Grapheme-to-phoneme (G2P) conversion is a critical component of speech processing systems, especially for applications like text-to-speech (TTS). This paper evaluates the potential of large language models (LLMs) in G2P tasks, introducing novel prompting and post-processing techniques that enhance LLM outputs without additional training or labeled data. 

![methods](https://github.com/user-attachments/assets/ca4f2cc9-5989-44fc-9213-8bc01c97a9f0)

We also present:
- **Sentence-Bench**: The first sentence-level benchmarking dataset for G2P in Persian.
- **Kaamel-Dict**: The largest open-licensed G2P Persian dictionary.

Our results demonstrate that LLM-based G2P systems can outperform traditional tools, especially in handling homographs and context-sensitive phonemes, highlighting their potential for underrepresented languages like Persian.

## Additional Results

After publishing the paper, we conducted further experiments on two additional models: **GPT-4o** and **O1-Preview**. Below is the full table of results from the paper, now including these two additional models as new columns in bold.

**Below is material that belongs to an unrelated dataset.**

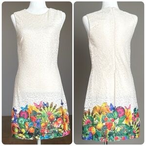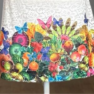 Desigual dress, Desigual floral dress, Desigual fruit dress, Desigual butterfly dress, Desigual garden print dress, Desigual lace dress, lace sheath dress, floral border dress, fruit border dress, garden print sheath, sleeveless lace dress, white lace dress, colorful floral dress, summer dress, vacation dress, resort wear dress, spring wedding guest dress, European fashion dress, made in Romania dress, Desigual size 40, Desigual US 8, embroidered look print dress, botanical print dress, bright floral dress, festival dress, statement print dress, cottagecore dress, whimsical dress, vibrant print dress, knee length dress, sheath silhouette dress, lined dress, retro inspired dress, art print dress

| **Metric**               | **llama-3.1**<br>405b-instruct | **gemma2**<br>9b-it | **mixtral**<br>8x7b | **qwen-2**<br>7b-instruct | **mistral**<br>7b-instruct | **gpt-3.5**<br>turbo-instruct | **gpt-4o**<br>mini | **gpt-4** | **claude-3.5**<br>sonnet | **GPT-4o** | **O1-Preview** |
|--------------------------|-------------------------------|---------------------|---------------------|--------------------------|---------------------------|-------------------------------|-------------------|-----------|--------------------------|------------|----------------|
| **PER (\%) ↓**           | 8.30                          | 21.58               | 26.84               | 59.06                    | 34.68                     | 11.76                         | 10.44             | 8.28      | 5.80                 | **6.43**   | **9.75**       |
| **Homograph Acc. (\%) ↑** | 54.00                         | 21.50               | 15.00               | 3.50                     | 12.50                     | 40.50                         | 45.00             | 48.50     | 78.50                | **64.00**  | **64.50**      |
| **Ezafe F1 (\%) ↑**      | 88.33                         | 61.21               | 44.05               | 27.99                    | 38.93                     | 73.04                         | 70.34             | 87.26     | 93.03                | **89.86**  | **85.15**      |

## Code
[![Open In Colab](https://colab.research.google.com/assets/colab-badge.svg)](https://colab.research.google.com/drive/1FgWUGkMjnnM4w9jUpZSRuwQlGnqXAhEW?usp=sharing)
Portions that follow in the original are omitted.